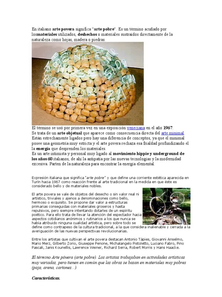 Arte povera) es un movimiento artístico surgido en italia en la segunda mitad de la década de 1960, al cual se adhirieron autores del ámbito predominantemente turinés. Fue llamado así por germano celant, debido a que se utilizan para su creación materiales humildes y pobres, generalmente no industriales (plantas, sacos de... Lunes 12 de octubre 09.13 gmt.
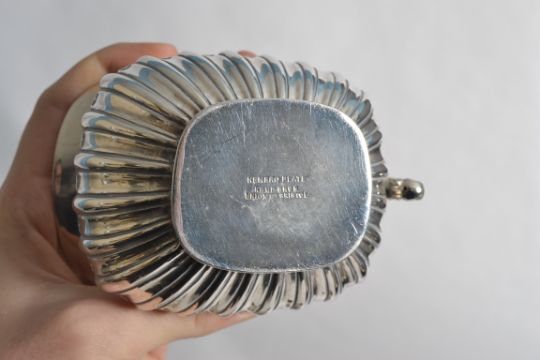 A good quality silver plate tea service comprising teapot, creamer and sugar bowl stamped for Kemp Bros of Bristol. Together with an un-associated silver plate salver tray
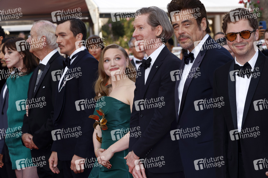 Charlotte Gainsbourg, Bill Murray, Rupert Friend, Mia Threapleton, Wes Anderson, Benicio del Toro und Michael Cera bei der Premiere des Kinofilms 'The Phoenician Scheme / Der phönizische Meisterstreich' auf dem Festival de Cannes 2025 / 78. Internationale Filmfestspiele von Cannes im Palais des Festivals. Cannes, 18.05.2025
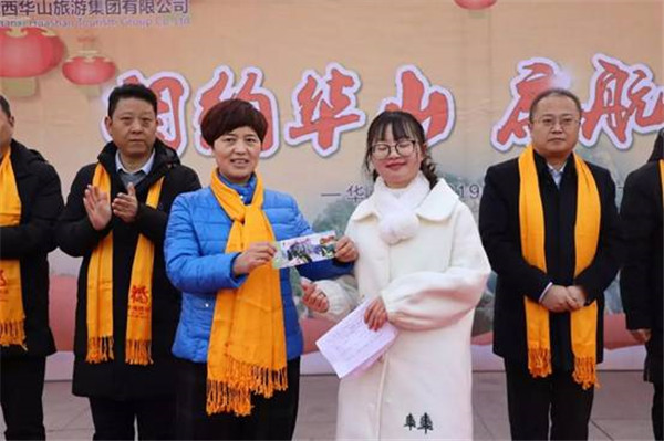 華山景區(qū)黨工委委員 、華山管委會副主任雷靖為幸運游客代表送上華山門票
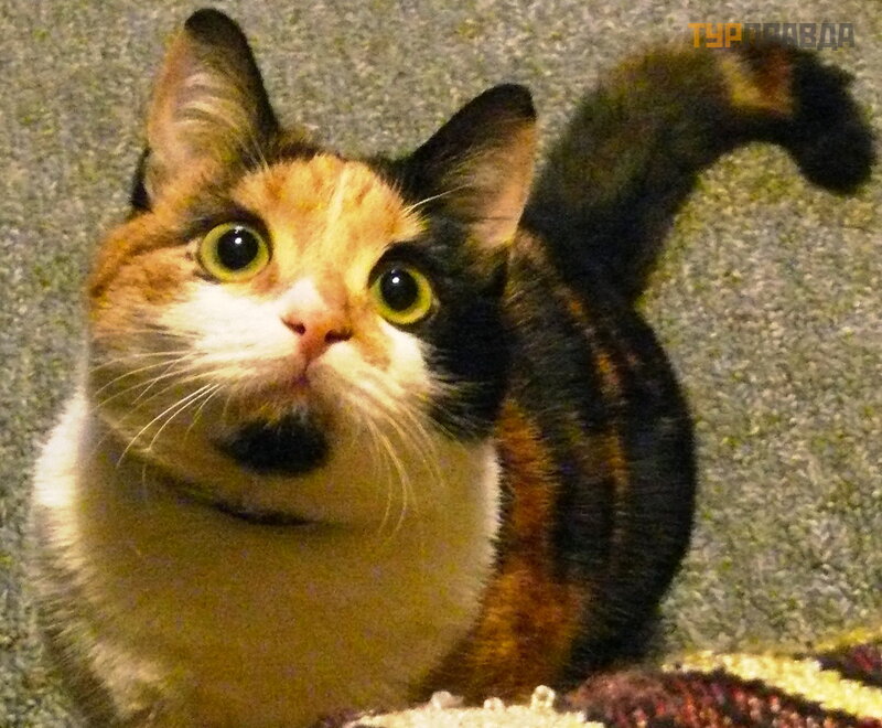 Какая красоточка! Шуба красиво расписана крупными пятнами. Наша гостья Плюша выглядит так, будто об неё кисточку вытирали.
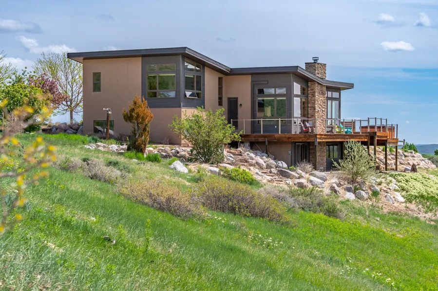 Additional amenities and extras include in-floor radiant heat with hot water gas boiler system, air conditioning wall unit, on-demand hot water heater, lower level mechanical room, wine cellar/food storage room, stucco exterior, newer roof, natural xeriscape landscaping, stainless steel deck railing, insulated concrete form construction with helical piers, and a unique roof rainwater capture system for water collection and efficiency.
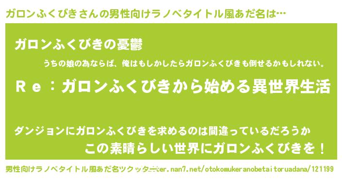 | 意味不明あだ名 | 『自称ガロンふくびき』 |
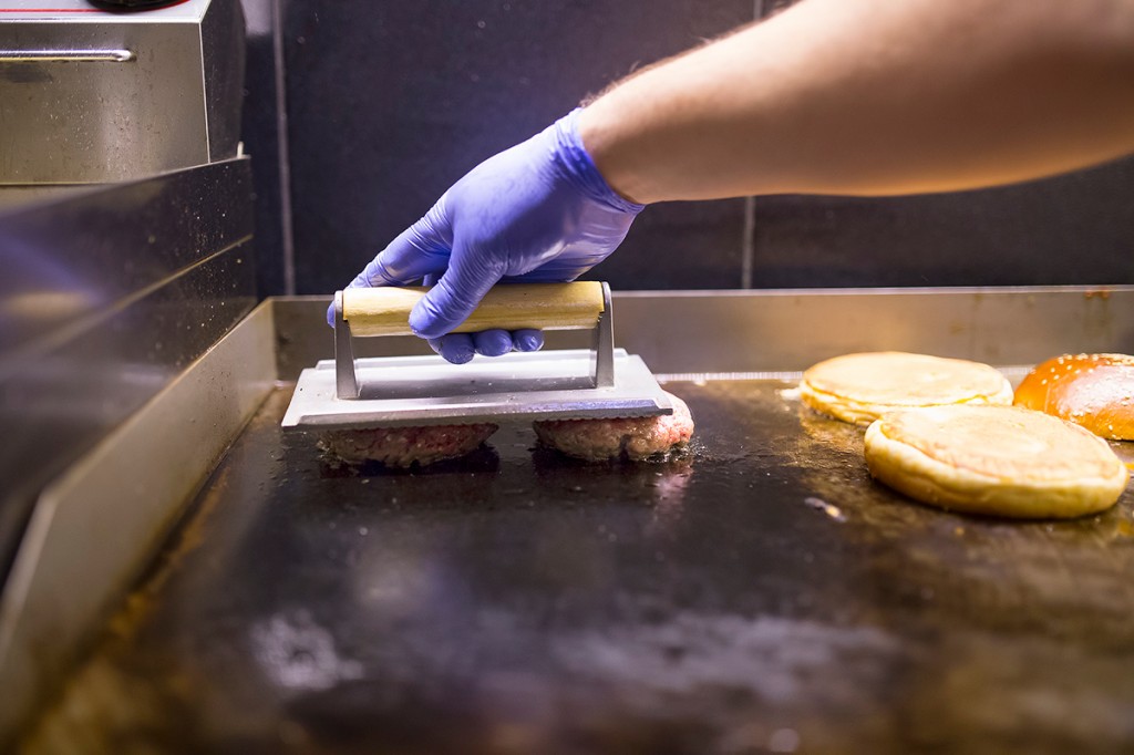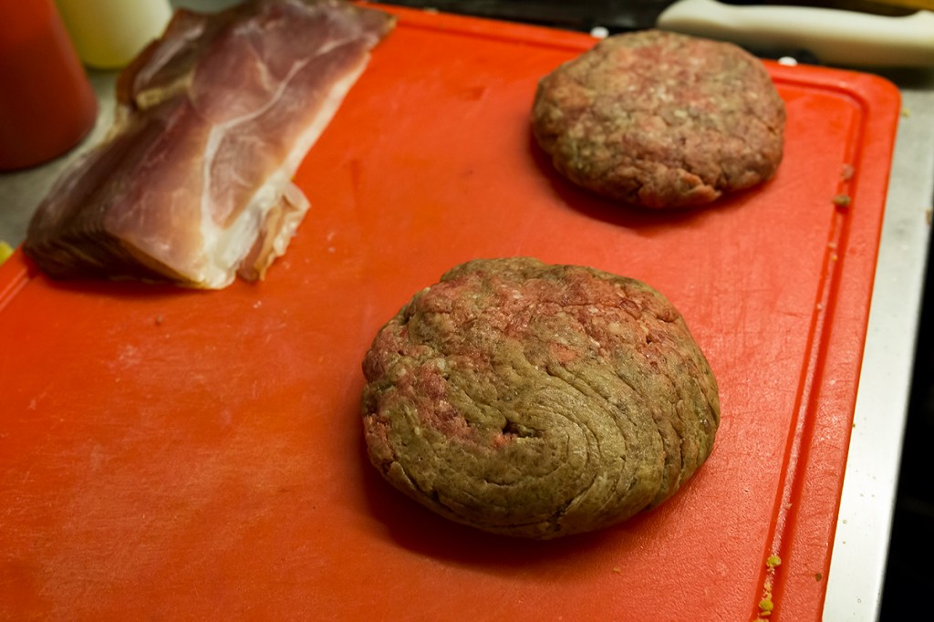 Gyorsan be is indulunk a konyhába, de előtte még rámegyünk a házilag pirított, fűszeres mogyoróra, ami a ház ajándéka a várakozás idejére, valamint a pálinkát sem vetjük meg, ami szintén aperitifként szolgál. Két burger fog készülni, az egyik a Rockefeller, a másik pedig az Angus becenevet viseli magán. Ehhez két húspogácsát dobunk fel a rostlapra, mindegyik 18 dekás, Gál Józsi-féle 80–20-as arányú csoda. Az Angus burgeren még látszanak is a kis hús-hernyók, ahogyan kijöttek a darálóból, gyönyörű látvány.
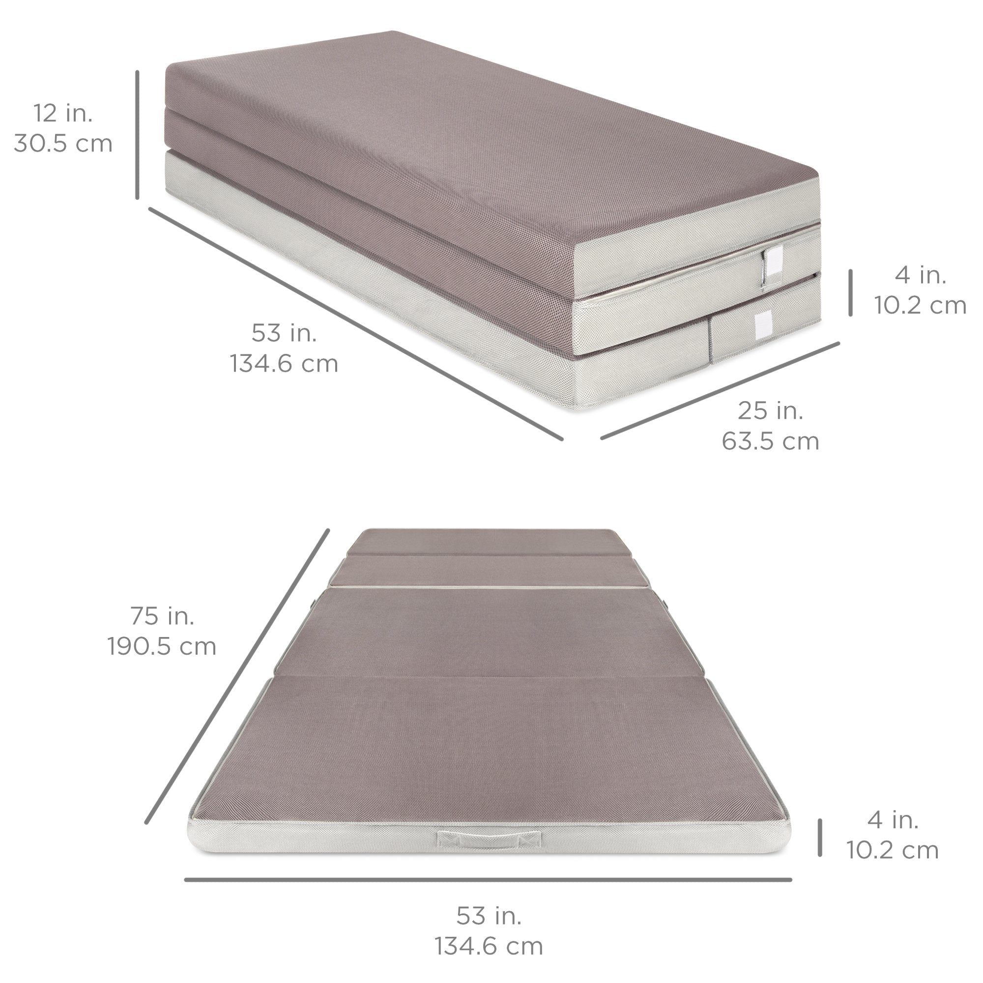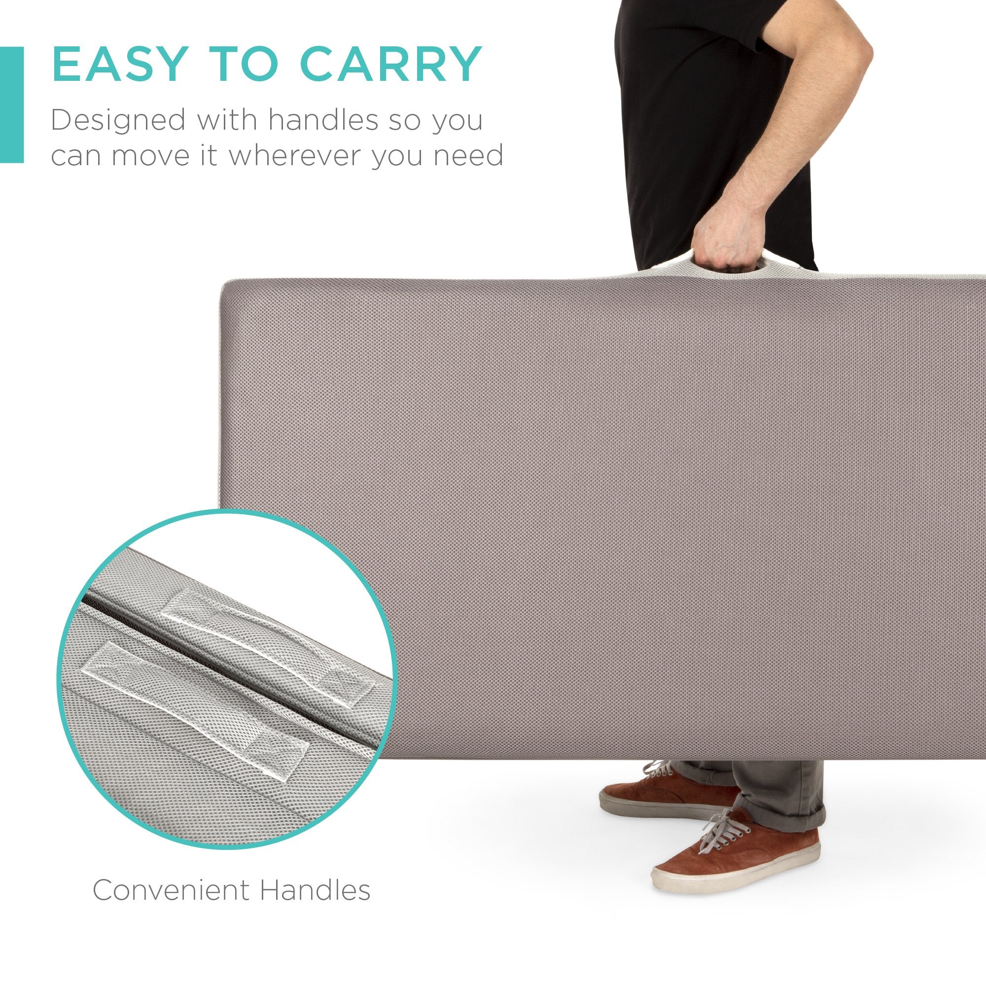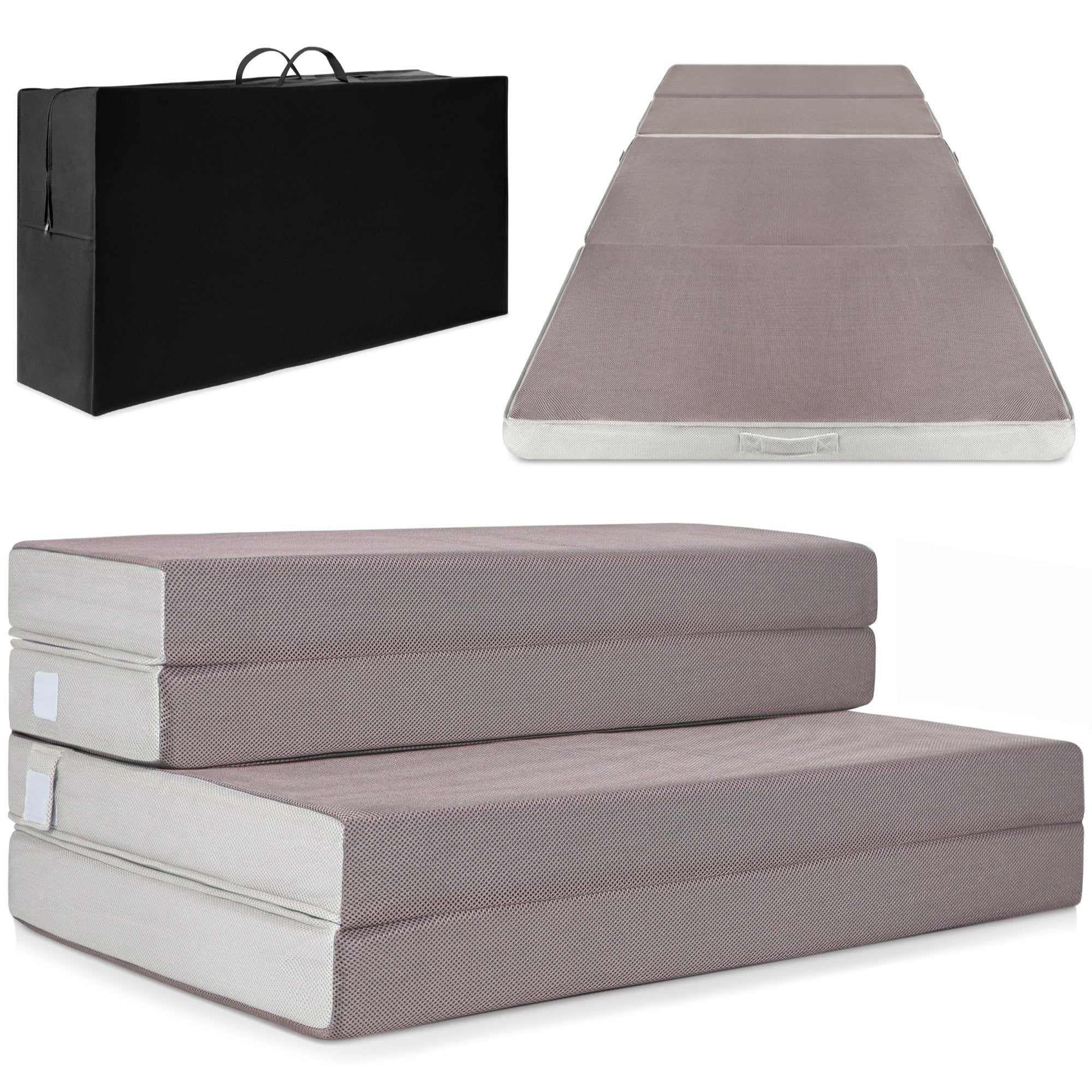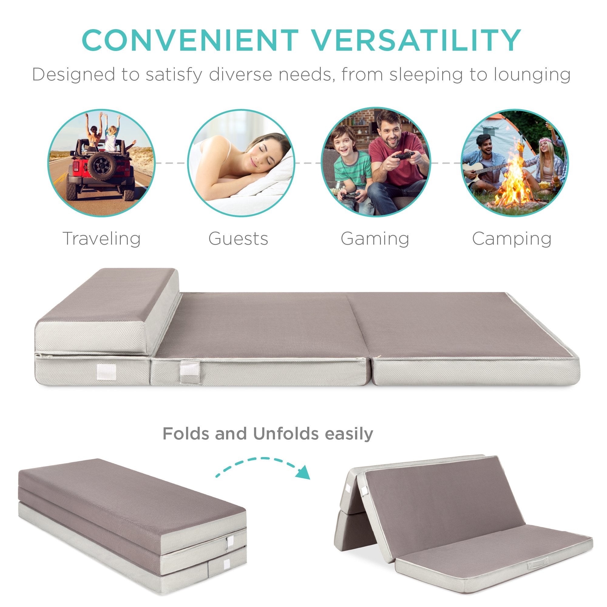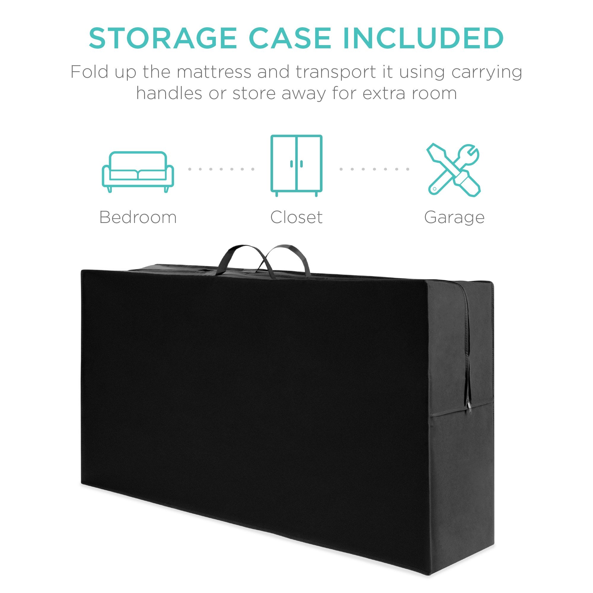 • PORTABLE AND SPACE-SAVING: Simply slip the included carrying case over the portable, tri-fold mattress and zip it up to keep it neat and secure while you travel

Work required> Set down every entry above exactly as written. Leave out all pictures.

Result of this exercise>
 Arte povera) es un movimiento artístico surgido en italia en la segunda mitad de la década de 1960, al cual se adhirieron autores del ámbito predominantemente turinés. Fue llamado así por germano celant, debido a que se utilizan para su creación materiales humildes y pobres, generalmente no industriales (plantas, sacos de... Lunes 12 de octubre 09.13 gmt.
 A good quality silver plate tea service comprising teapot, creamer and sugar bowl stamped for Kemp Bros of Bristol. Together with an un-associated silver plate salver tray
 Charlotte Gainsbourg, Bill Murray, Rupert Friend, Mia Threapleton, Wes Anderson, Benicio del Toro und Michael Cera bei der Premiere des Kinofilms 'The Phoenician Scheme / Der phönizische Meisterstreich' auf dem Festival de Cannes 2025 / 78. Internationale Filmfestspiele von Cannes im Palais des Festivals. Cannes, 18.05.2025
 華山景區(qū)黨工委委員 、華山管委會副主任雷靖為幸運游客代表送上華山門票
 Какая красоточка! Шуба красиво расписана крупными пятнами. Наша гостья Плюша выглядит так, будто об неё кисточку вытирали.
 Additional amenities and extras include in-floor radiant heat with hot water gas boiler system, air conditioning wall unit, on-demand hot water heater, lower level mechanical room, wine cellar/food storage room, stucco exterior, newer roof, natural xeriscape landscaping, stainless steel deck railing, insulated concrete form construction with helical piers, and a unique roof rainwater capture system for water collection and efficiency.
 | 意味不明あだ名 | 『自称ガロンふくびき』 |
 Gyorsan be is indulunk a konyhába, de előtte még rámegyünk a házilag pirított, fűszeres mogyoróra, ami a ház ajándéka a várakozás idejére, valamint a pálinkát sem vetjük meg, ami szintén aperitifként szolgál. Két burger fog készülni, az egyik a Rockefeller, a másik pedig az Angus becenevet viseli magán. Ehhez két húspogácsát dobunk fel a rostlapra, mindegyik 18 dekás, Gál Józsi-féle 80–20-as arányú csoda. Az Angus burgeren még látszanak is a kis hús-hernyók, ahogyan kijöttek a darálóból, gyönyörű látvány.
 • PORTABLE AND SPACE-SAVING: Simply slip the included carrying case over the portable, tri-fold mattress and zip it up to keep it neat and secure while you travel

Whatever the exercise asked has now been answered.